- **The task**:
Transcribe the entries below exactly; leave every image out.

+++ Material for this exercise

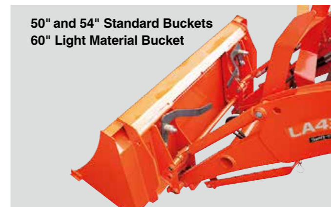
50" and 54" Standard Buckets 60" Light Material Bucket
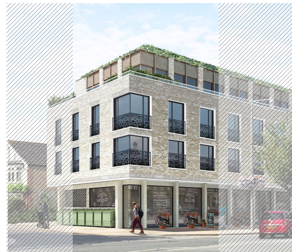
FRONT ELEVATION AFTER
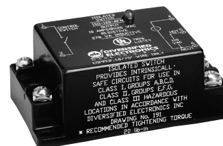
Single Channel Isolated Switch

Process Control Equipment for Hazardous Locations 7M26 UL913
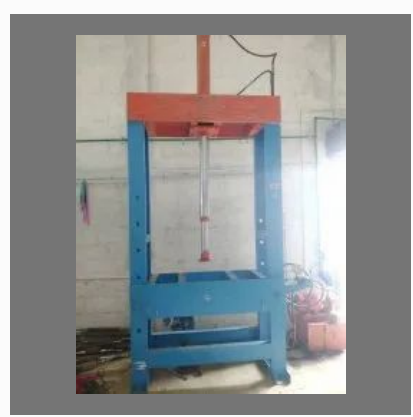
Hydraulic Power Press Machine
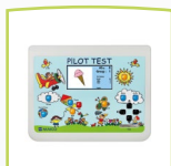
PILOT TEST device
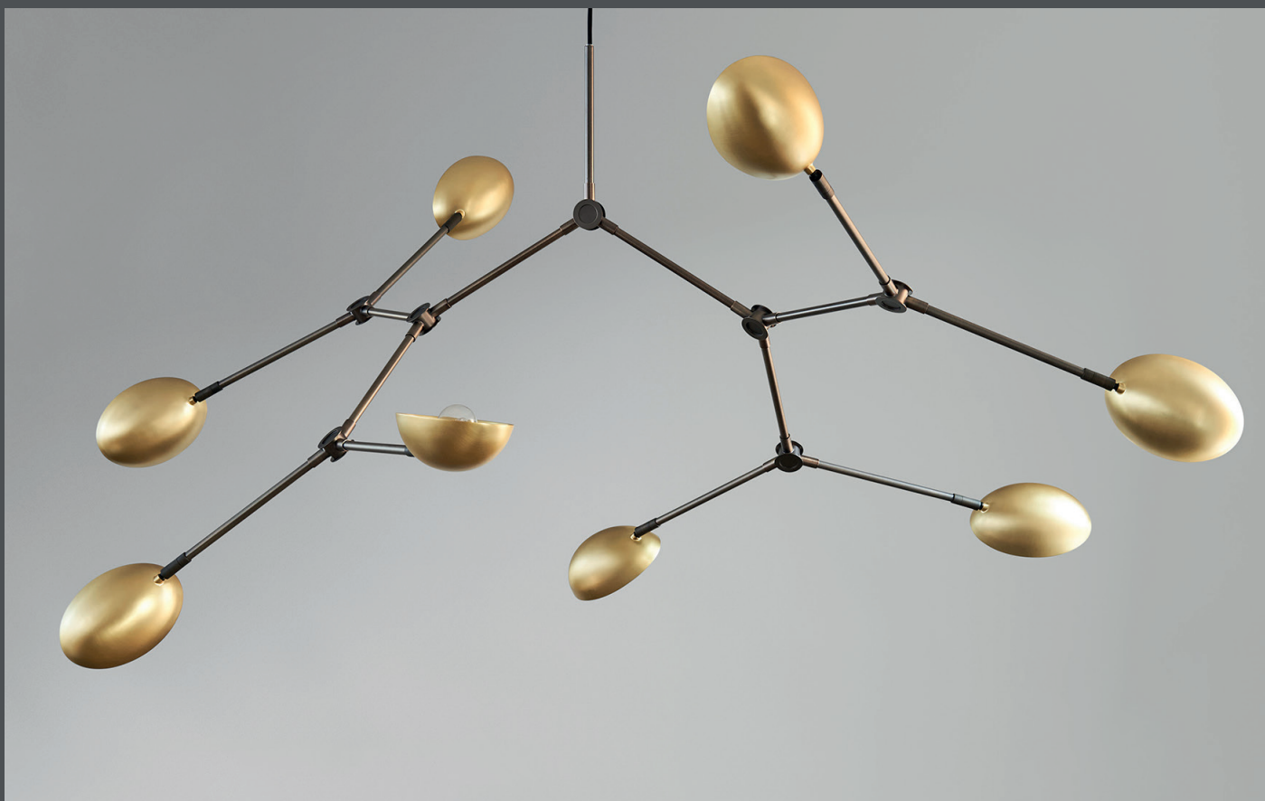
DROP CHANDELIER - BRASS
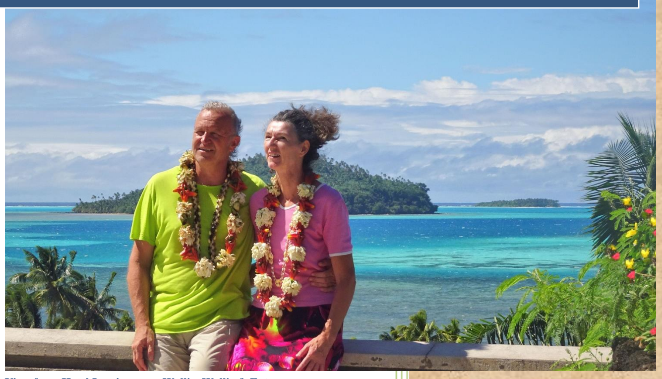
View from Hotel Lomipeau on Wallis; Wallis & Futuna

South-Pacific: unique islands and cultures
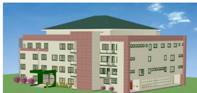
Proposed Multi-purpose Building

Also, the government agency, the National Accreditation Board will not permit us to continue to enroll in view of our inadequate facilities.
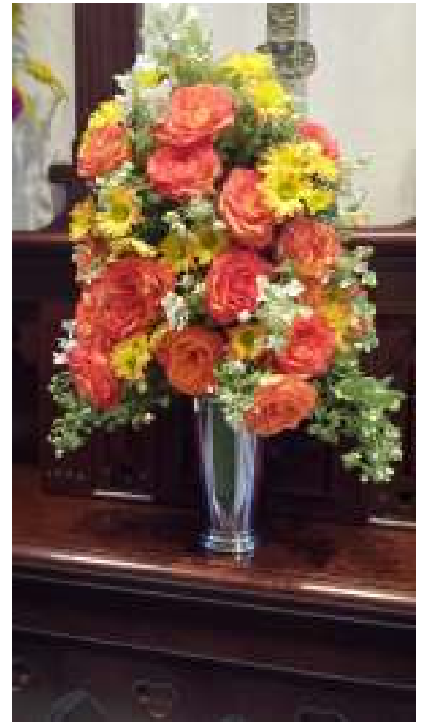
The Pewter Vase will be used in the Pilgrim's Chapel.
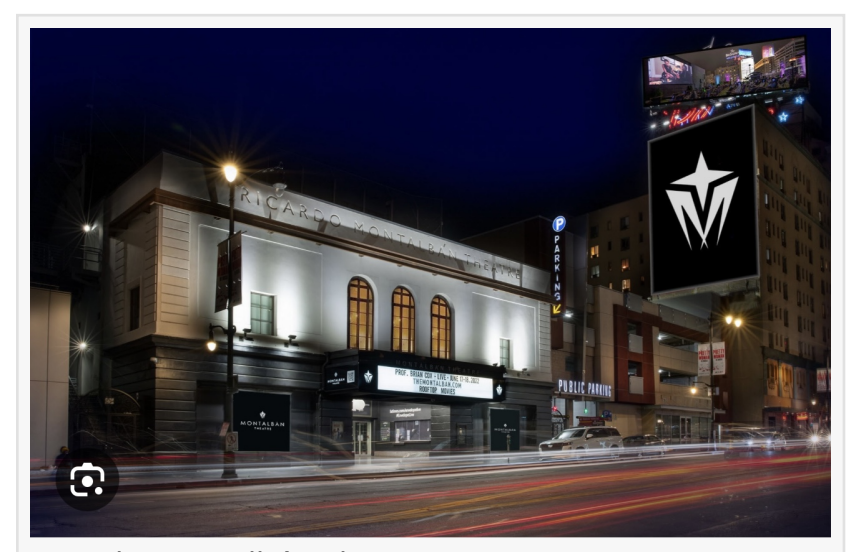
Ricardo Montalbán Theatre

HOLLYWOOD, CA, USA, August 21, 2023 /EINPresswire.com/ -- Rock the Shorts Film Festival, celebrating short films across animation, documentary, drama, comedy, thriller/horror and international categories will be live on the Rooftop of The Montalbán Theatre in Hollywood this Labor Day, September 4, 2023! Filmmakers and their short films will be celebrated
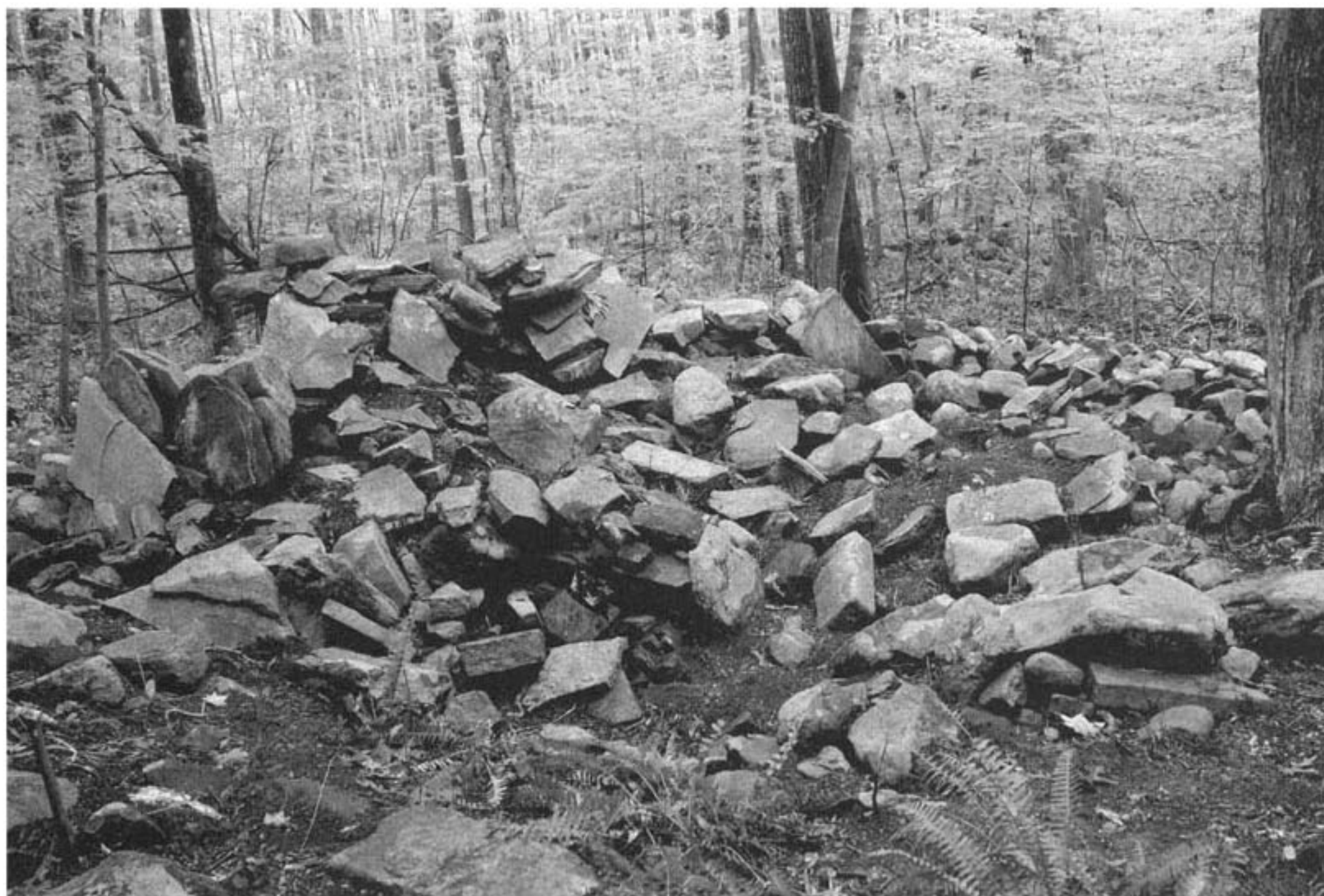
Figure 4. View of Site 102–113, excavated in 2004. The large rock pile represents a collapsed chimney stack, and the concavity framed and partially filled by these rocks represents the crawlspace that once existed beneath the house. The trash pit noted in the text was found just outside the photograph frame on the left. Photograph by the author, 2004.

metal artifacts were recovered as well, including forks, knives, buckles, finger rings, a key, and several buttons (see Patton 2007). One stone projectile point fragment of indeterminate date, a handful of chert/flint flakes, and two unambiguous pieces of worked window glass represent the lithic technologies used by site residents. Faunal remains reveal the presence of livestock (such as cattle and pigs), the use of marine resources (such as clams, mussels, oysters, and fish), and small numbers of other local fauna (Fedore 2008).
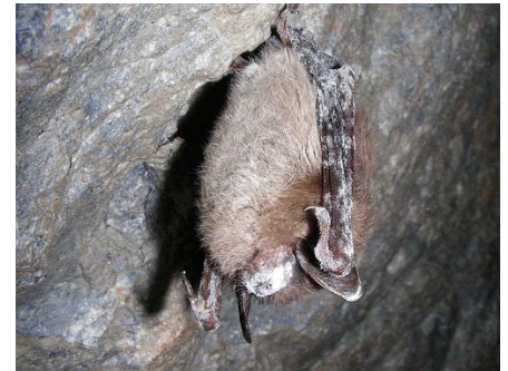
WNS infected bat in Eastern USA

Hibernating bats are most at risk to WNS disease. Bats that migrate (e.g. hoary bat) can travel hundreds and even thousands of kilometers, while hibernating bats do not tend to travel long distances between summer and winter roosts. There is a significant difference in bat diversity on the east and west side of the Rocky Mountains, suggesting this may be a partial barrier to bat movement. If bat-to-bat transfer remains the mode of spread for this fungus, and humans take precautions to not spread the fungus, the west could remain WNS free for many years. Preventing a giant leap of the P.d. fungus is the most important thing humans can do for western bats.
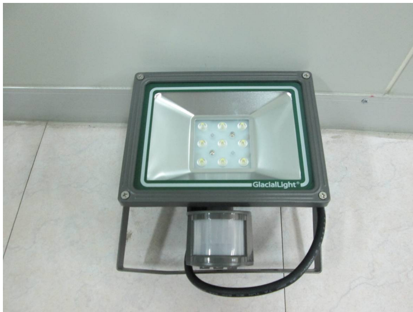
Before the test

++++++

- **Solution for this task**:
50" and 54" Standard Buckets 60" Light Material Bucket
FRONT ELEVATION AFTER
Single Channel Isolated Switch

Process Control Equipment for Hazardous Locations 7M26 UL913
Hydraulic Power Press Machine
PILOT TEST device
DROP CHANDELIER - BRASS
View from Hotel Lomipeau on Wallis; Wallis & Futuna

South-Pacific: unique islands and cultures
Proposed Multi-purpose Building

Also, the government agency, the National Accreditation Board will not permit us to continue to enroll in view of our inadequate facilities.
The Pewter Vase will be used in the Pilgrim's Chapel.
Ricardo Montalbán Theatre

HOLLYWOOD, CA, USA, August 21, 2023 /EINPresswire.com/ -- Rock the Shorts Film Festival, celebrating short films across animation, documentary, drama, comedy, thriller/horror and international categories will be live on the Rooftop of The Montalbán Theatre in Hollywood this Labor Day, September 4, 2023! Filmmakers and their short films will be celebrated
Figure 4. View of Site 102–113, excavated in 2004. The large rock pile represents a collapsed chimney stack, and the concavity framed and partially filled by these rocks represents the crawlspace that once existed beneath the house. The trash pit noted in the text was found just outside the photograph frame on the left. Photograph by the author, 2004.

metal artifacts were recovered as well, including forks, knives, buckles, finger rings, a key, and several buttons (see Patton 2007). One stone projectile point fragment of indeterminate date, a handful of chert/flint flakes, and two unambiguous pieces of worked window glass represent the lithic technologies used by site residents. Faunal remains reveal the presence of livestock (such as cattle and pigs), the use of marine resources (such as clams, mussels, oysters, and fish), and small numbers of other local fauna (Fedore 2008).
WNS infected bat in Eastern USA

Hibernating bats are most at risk to WNS disease. Bats that migrate (e.g. hoary bat) can travel hundreds and even thousands of kilometers, while hibernating bats do not tend to travel long distances between summer and winter roosts. There is a significant difference in bat diversity on the east and west side of the Rocky Mountains, suggesting this may be a partial barrier to bat movement. If bat-to-bat transfer remains the mode of spread for this fungus, and humans take precautions to not spread the fungus, the west could remain WNS free for many years. Preventing a giant leap of the P.d. fungus is the most important thing humans can do for western bats.
Before the test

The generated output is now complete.